## Task prompt:
Pictures stay out of the copy, and everything else in the data below is repeated exactly.

*** Opening Data block ***

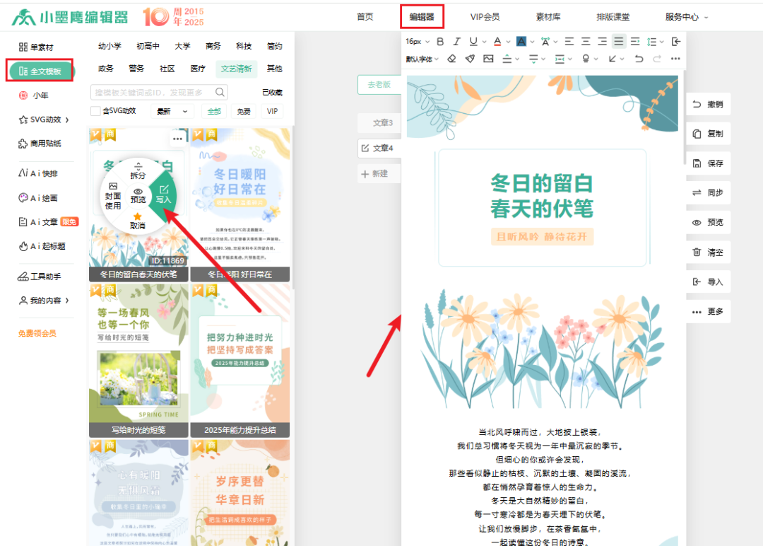 第二步:进入小墨鹰编辑页面,提供了超多精美的模板,各行各业、总有一款适合你。选择一款你喜欢的模板,点击“写入”进行编辑使用模板。
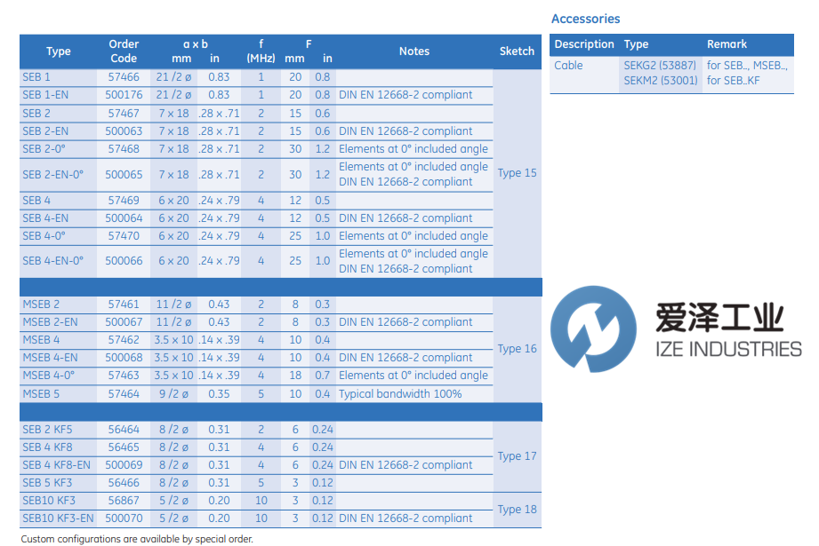 爱泽工业(IZE INDUSTRIES)特价经销、常用GE传感器型号:
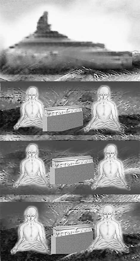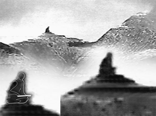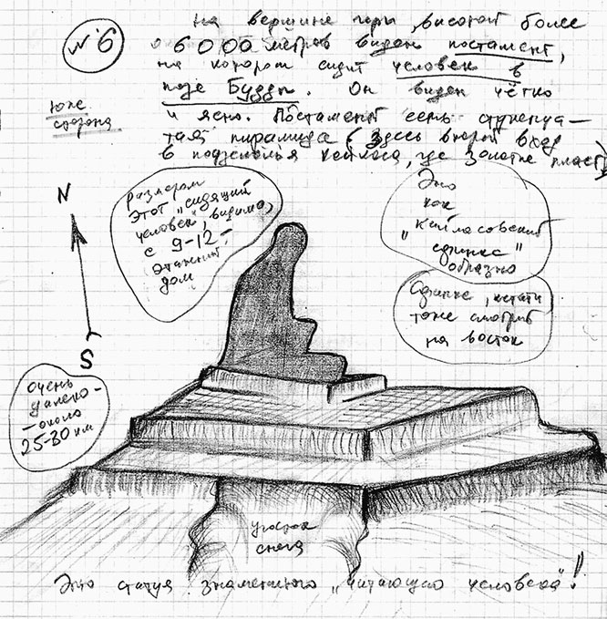 Дойдя до нужного места, мы установили штатив и сделали съемку при максимальном увеличении, после чего я начал рисовать, всматриваясь в окуляр видеокамеры. Было вполне четко видно, что это и в самом деле громадная статуя человека, сидящего в позе Будды. К сожалению, условия видимости в высокогорье, когда все тени черные и плохо видны полутени, не позволяли рассмотреть детали статуи. Но я надеялся на последующую компьютерную обработку снимков. Тем не менее, было видно, что голова статуи склонена вперед, будто бы этот громадный человек читает книгу, лежащую на коленях. Статуя располагалась на многоступенчатом постаменте, а вернее была установлена на вершине ступенчатой пирамиды, высота которой была не менее 6000 метров. Статуя была повернута лицом на восток. Примерное расстояние до статуи Читающего Человека равнялось 25–30 км. Размер статуи мы оценили как минимум с 10–12-этажный дом.

*** Closing Data block ***

## Your solution:
 第二步:进入小墨鹰编辑页面,提供了超多精美的模板,各行各业、总有一款适合你。选择一款你喜欢的模板,点击“写入”进行编辑使用模板。
 爱泽工业(IZE INDUSTRIES)特价经销、常用GE传感器型号:
 Дойдя до нужного места, мы установили штатив и сделали съемку при максимальном увеличении, после чего я начал рисовать, всматриваясь в окуляр видеокамеры. Было вполне четко видно, что это и в самом деле громадная статуя человека, сидящего в позе Будды. К сожалению, условия видимости в высокогорье, когда все тени черные и плохо видны полутени, не позволяли рассмотреть детали статуи. Но я надеялся на последующую компьютерную обработку снимков. Тем не менее, было видно, что голова статуи склонена вперед, будто бы этот громадный человек читает книгу, лежащую на коленях. Статуя располагалась на многоступенчатом постаменте, а вернее была установлена на вершине ступенчатой пирамиды, высота которой была не менее 6000 метров. Статуя была повернута лицом на восток. Примерное расстояние до статуи Читающего Человека равнялось 25–30 км. Размер статуи мы оценили как минимум с 10–12-этажный дом.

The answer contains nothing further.